[Collected data entries]
┏━━

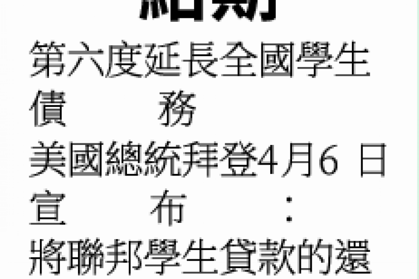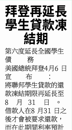 ● 聯儲的統計顯示,共計2,000 億美元的學生貸款在這期間得以暫緩還款。
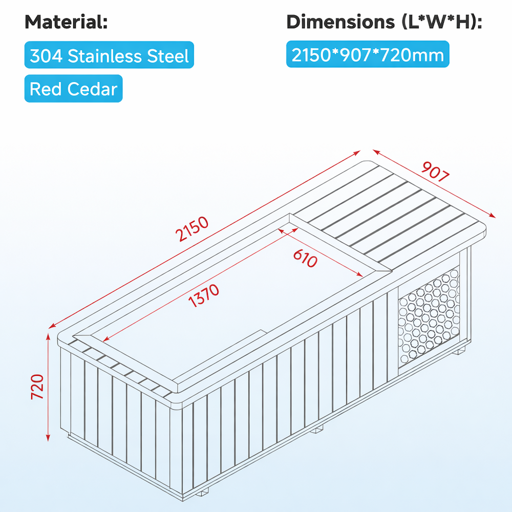 Experience elite cold therapy without compromise. The Cedar Luxe is a premium lay-flat cold plunge tub crafted from natural Red Cedar and food-grade 304 stainless steel — engineered for outdoor use, designed to turn any backyard, deck, or patio into a world-class recovery station.
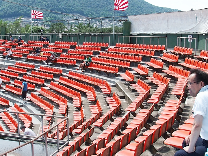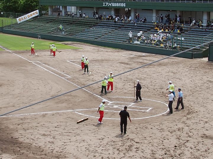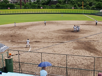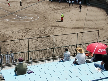5回の攻防が終わりますと、グランド整備・休息タイムです。さほど日差しは強くは無いのですけど、ジトッとした蒸し暑さ。GONsanも喫煙タイムとなりました。
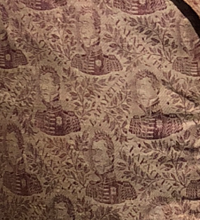 Americans celebrated Lafayette's visit with all kinds of souvenirs. Much like modern Americans wear t-shirts printed with the names and faces of their heroes, Lafayette's portrait was emblazoned on ribbons, dresses, and gloves, as well as the vest shown here:
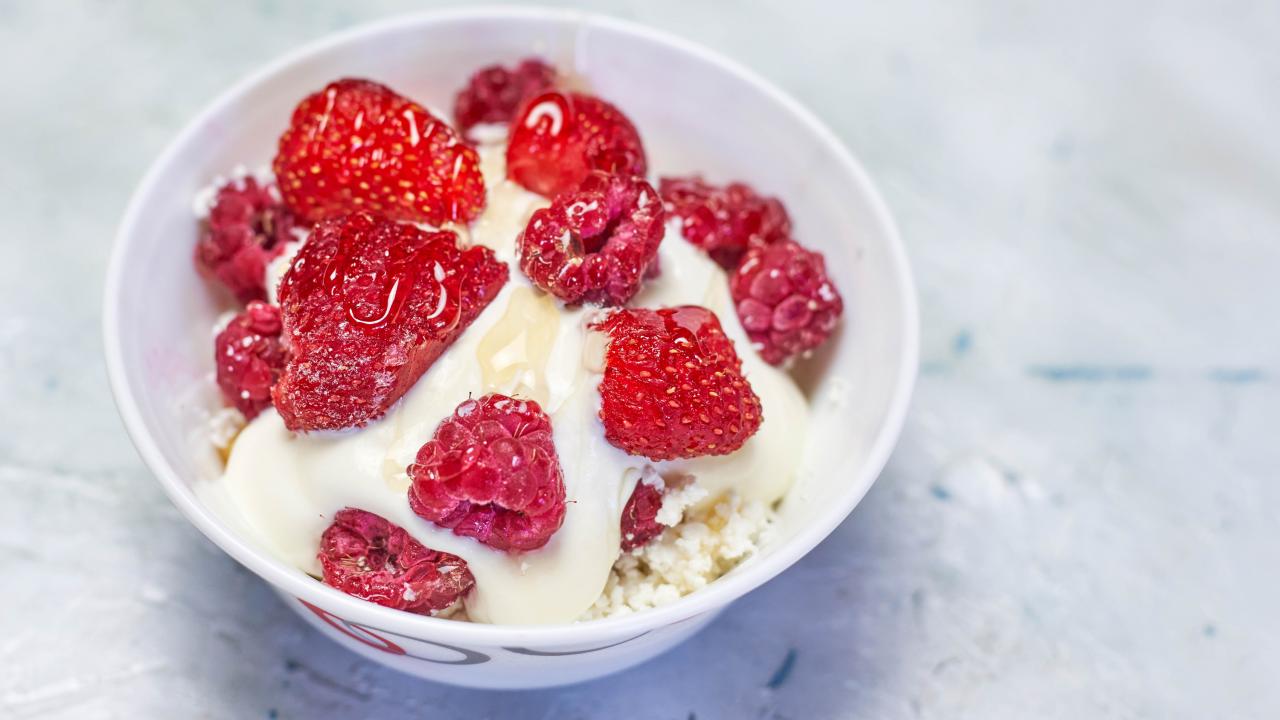 Wallpaper Cottage cheese with sour cream and raspberries

┗━━

- [ACTIVITY] Give again, please, precisely the lines that begin the records and run through the line with "Experience elite cold" in it, keeping both end lines and dropping any pictures.

- [REPLY]
 ● 聯儲的統計顯示,共計2,000 億美元的學生貸款在這期間得以暫緩還款。
 Experience elite cold therapy without compromise. The Cedar Luxe is a premium lay-flat cold plunge tub crafted from natural Red Cedar and food-grade 304 stainless steel — engineered for outdoor use, designed to turn any backyard, deck, or patio into a world-class recovery station.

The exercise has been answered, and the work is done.